No muy lejos de Solitaire, en Sesriem, a la entrada del Namib-Naukluft Nacional Park, se acaban la pista y las nubes de polvo y empieza un mundo nuevo: una carretera asfaltada que, después de 70 kilómetros, nos lleva hasta las grandes dunas de Sossusvlei.

A medida que nos adentramos en el parque, las altas dunas rojizas que escoltan la carretera convierten el paisaje en una atracción cinco estrellas que alcanza el clímax al atardecer, cuando las dunas cambian de color y las sombras se alargan para adquirir una apariencia fantasmal. En la duna 45, situada justo a 45 kilómetros de la entrada, el alto es obligado para caminar por la arena e intentar subir al punto más alto, desde donde se tiene una espléndida vista, con los montículos cabalgando hacia la oscuridad.

Veinte kilómetros más allá se encuentra Sossusvlei. Allí se impone dejar el coche y caminar entre las dunas hasta una especie de laguna seca que se abre en el corazón del desierto. Los grandes troncos resecos y algunos arbustos mínimos aparecen entonces como espectros de un pasado que se resiste a morir.

Diamantes de Lüderitz. Más al sur todavía, cerca del Fish River Canyon y de la frontera con Sudáfrica, se encuentra otro lugar espectral llamado Lüderitz. En el último tramo, la carretera parece avanzar hacia la nada más absoluta, con el desierto a ambos lados y una niebla espesa que a menudo se empeña en cegar el paisaje.

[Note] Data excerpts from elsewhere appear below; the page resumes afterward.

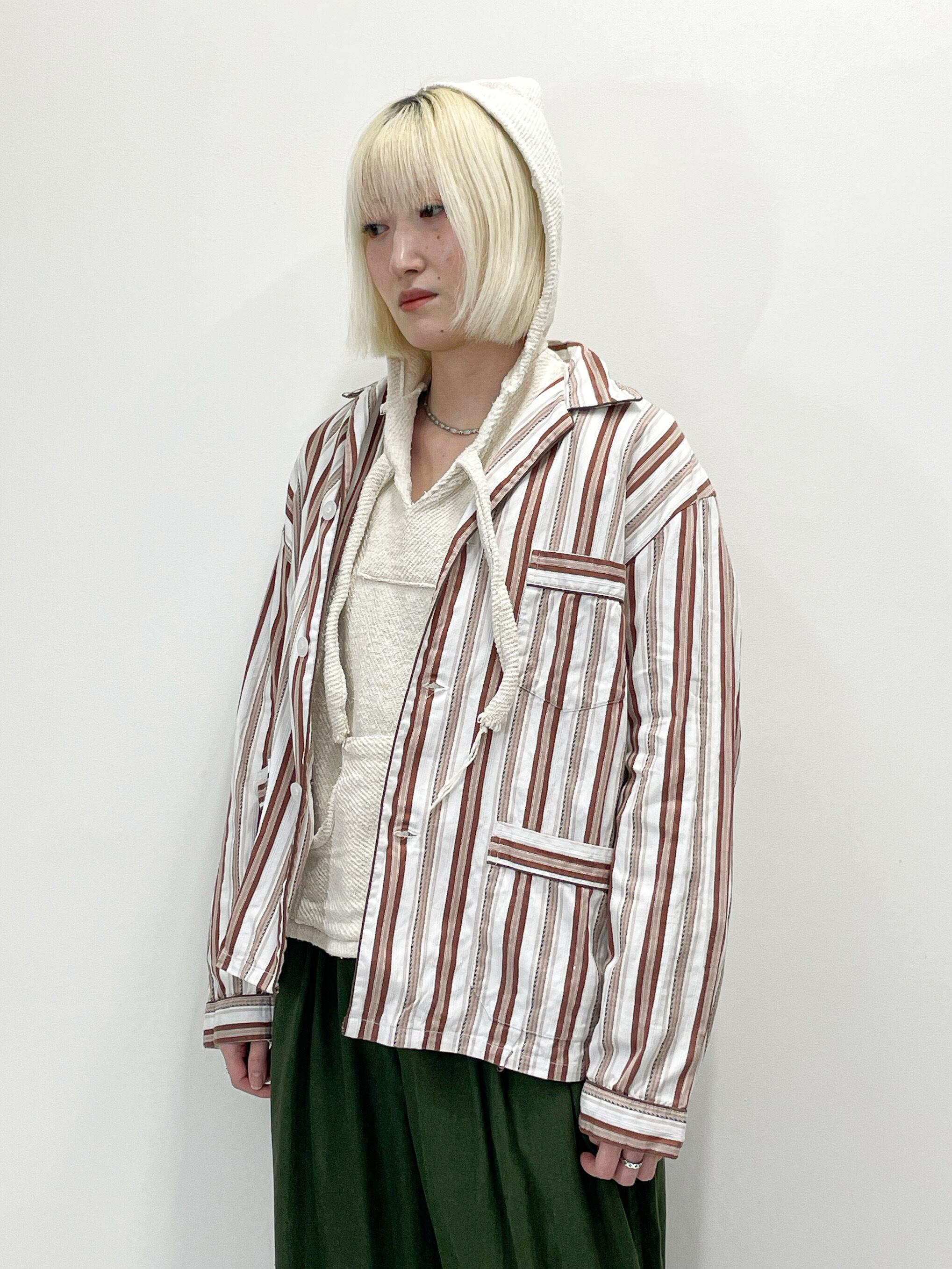 プリントではなく織りによる立体感のあるマルチストライプ柄は、プリント物にはない豊かな表情とヴィンテージらしい雰囲気たっぷりです。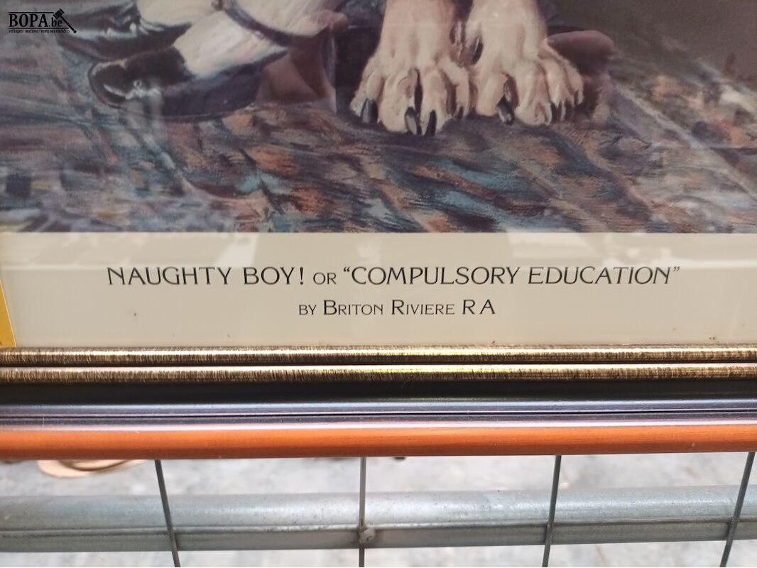 Kader kind met hond. Naughty boy. 63 x 78 cm.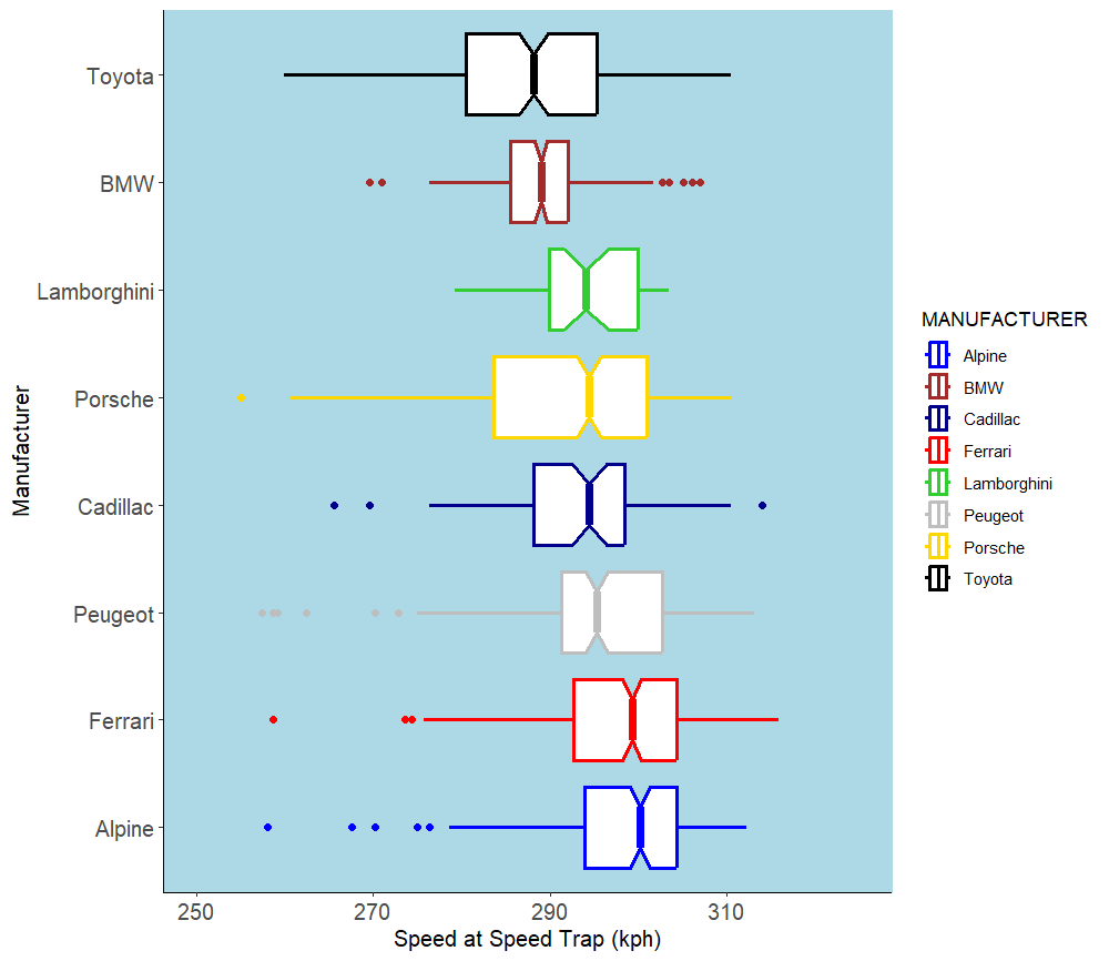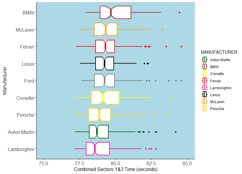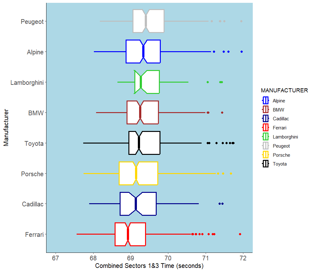 I’ve taken the data from all six hours of the race and combined the sector one and three times, removed any non-green flag laps or laps where the car was in the pits, and put the rest on the box plot below. (This is a “notched” boxplot, which attempts to visualise statistical significance – if the notches don’t overlap then the difference is significant. You’ll see the notches are wider for Cadillac and Lamborghini, which is because the single-car efforts have half as many laps and therefore a wider margin of error.

Al final está Lüderitz, una pequeña ciudad portuaria con una interesante arquitectura colonial y alrededores preciosos. Cerca de allí desembarcó en 1487 el portugués Bartolomé Dias, pero fue el comerciante alemán Adolf Lüderitz quien fundó la ciudad en 1883. Lo que antes era una pequeña estación ballenera, experimentó a partir de 1909 un gran auge gracias a la fiebre de los diamantes. En 1912, Lüderitz tenía ya más de mil habitantes, y no tardaría en contar con una estación de tren y varias iglesias. Junto a ella se levantó el vecino poblado de Kolmanskup, un conjunto de casas coloniales que contaba con escuela, casino, teatro y hospital. Era el lujo en medio del desierto, pero acabó siendo abandonado al descubrirse que los diamantes estaban más al sur.

Pasear hoy por este poblado fantasmal, con las casas invadidas por la arena del desierto del Namib, contagia la extraña sensación de que el pasado sigue estando presente de algún modo en esta parte de Namibia donde los diamantes que se ocultan bajo tierra, en zonas vedadas a los turistas, siguen siendo la gran riqueza del país.